The majority of Christians throughout history have affirmed the coming of an eschaton. From the greek adjective ἔσχᾰτος, meaning last, eschaton refers to the “last day,” or the culmination of the divine plan. As with any doctrine in the Christian tradition, theologians and scholars have asserted different eschatologies (theologies concerning the end times). Despite the differences of opinion, the gist of Christian eschatology is that the course of history is inevitably moving toward’s God’s final purpose, God’s τέλος. Through some mystery, all of the cosmos is recreated and emerges as all that God has desired for it all along. This is epitomized in Revelation 21 where the author writes that “the home of God is among mortals… Death will be no more. Mourning and crying will be no more.” God’s purpose, the eschatological hope of the Jesus story, is that it ends with the happiest of endings.
Our experience on planet Earth does not lend itself to believing in happy endings. When we turn on the news, many stories do not appear to have happy endings. Our world seems to be hurtling at a break-neck pace towards catastrophic tragedy, with pervasive tragedies along the way.
The playwright William Shakespeare was predominantly known for his comedies and for his tragedies. In their classical origins, tragedies ended with death while comedies ended with weddings. What a distinction! Within the realm of classical theater, the wedding is what stands in direct opposition to death. Jesus used wedding imagery frequently in the Gospels to illustrate the eschaton (check out Matthew 22). To say that the course of history in the Christian Tradition ends as a comedy is to say it ends in a giant wedding celebration.

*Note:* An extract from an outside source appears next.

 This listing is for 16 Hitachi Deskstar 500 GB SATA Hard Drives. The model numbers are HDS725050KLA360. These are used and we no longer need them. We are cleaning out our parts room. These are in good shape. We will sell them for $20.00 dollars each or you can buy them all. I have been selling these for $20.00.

But that is not how we experience our world. We experience tragedy. We experience death in it’s emotional, spiritual, and physical manifestations. Yet, the resurrection of Christ is our glimpse of hope. It is the assurance that the great terror of mysterious death is defeated. The resurrection of Christ reminds us that the eschatological hope is that history ends as a comedy.
So how should Christian authors write? Should we write only happy endings that are void of loss or death? Should we write with a naïvety about our human experience? Not at all. If anything, I worry too many Christians do not take seriously the experience of tragedy in the world. With few exceptions (looking at you, Tolkien), we aren’t inclined to tell stories where evil appears insurmountable. But isn’t that how we experience various seasons of life? Aren’t there periods when the persistence of evil has us believing that history will end in tragedy?

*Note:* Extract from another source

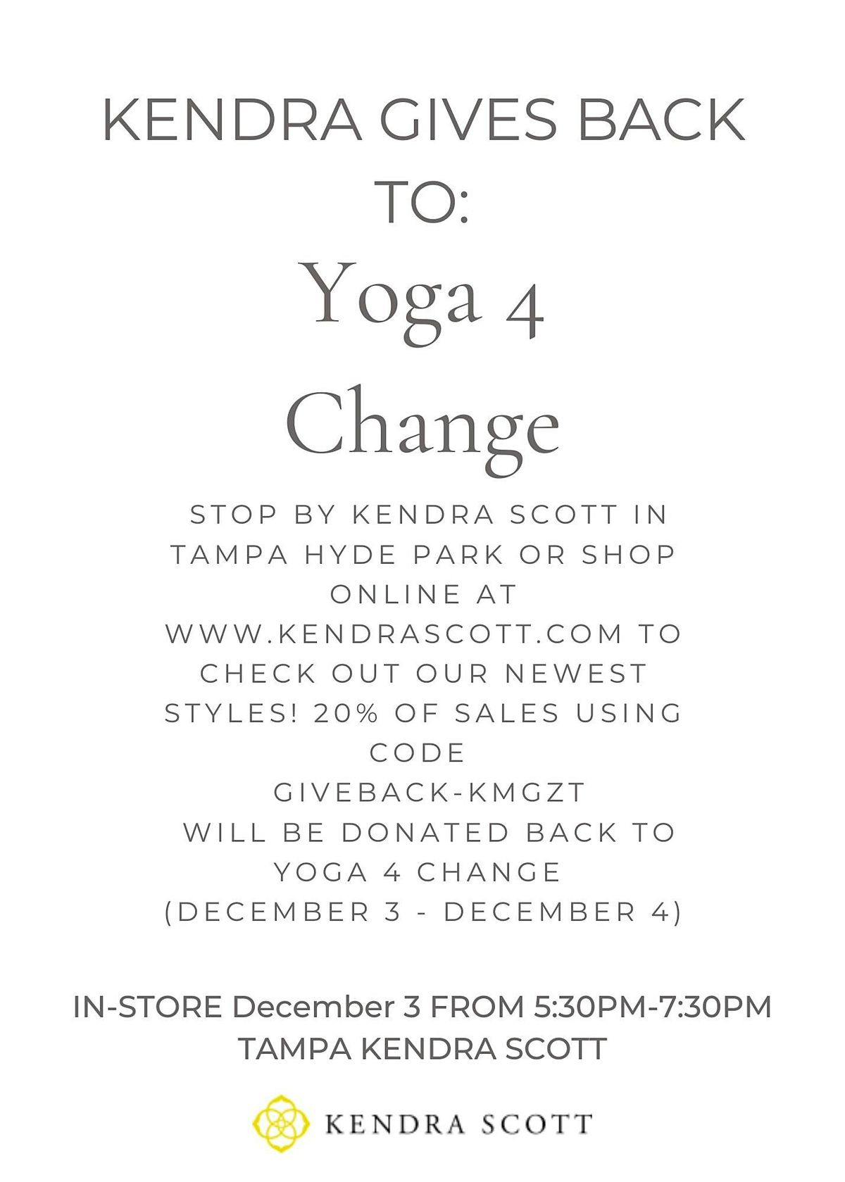 Come join us for a special event at Kendra Scott in Tampa where we will be hosting a 'sip & shop' mixer to support Yoga 4 Change, a non-profit organization that offers trauma-infrmed yoga and mindfuless programs to underserved communities. It's a great opportunity to give back just in time for Mother's Day.

Let’s write that. Write about the bleakest moments of human existence. And then pencil in at least a glimmer of hope. The issue that Christians should take with horror stories (and any story for that matter) isn’t that terror is experienced amidst the story, but that evil is often victorious, or its defeat is tenuous. When we write genre fiction, we should write an ending that is hopeful. Maybe it’s a happy ending that was costly, or maybe there is an ambiguity that shimmers faintly with hope.
In Christ’s life, death, and resurrection, God damned tragedies. God insisted that death and pain would not have the final word. If the eschatological hope that we as Christians cling to, sometimes desperately and foolishly, is that God is writing a comedy, then may we write all genres as comedies. But write them honestly. Write them with all the pain, all the tension, and all the tears, and all the laughter and joy of reality.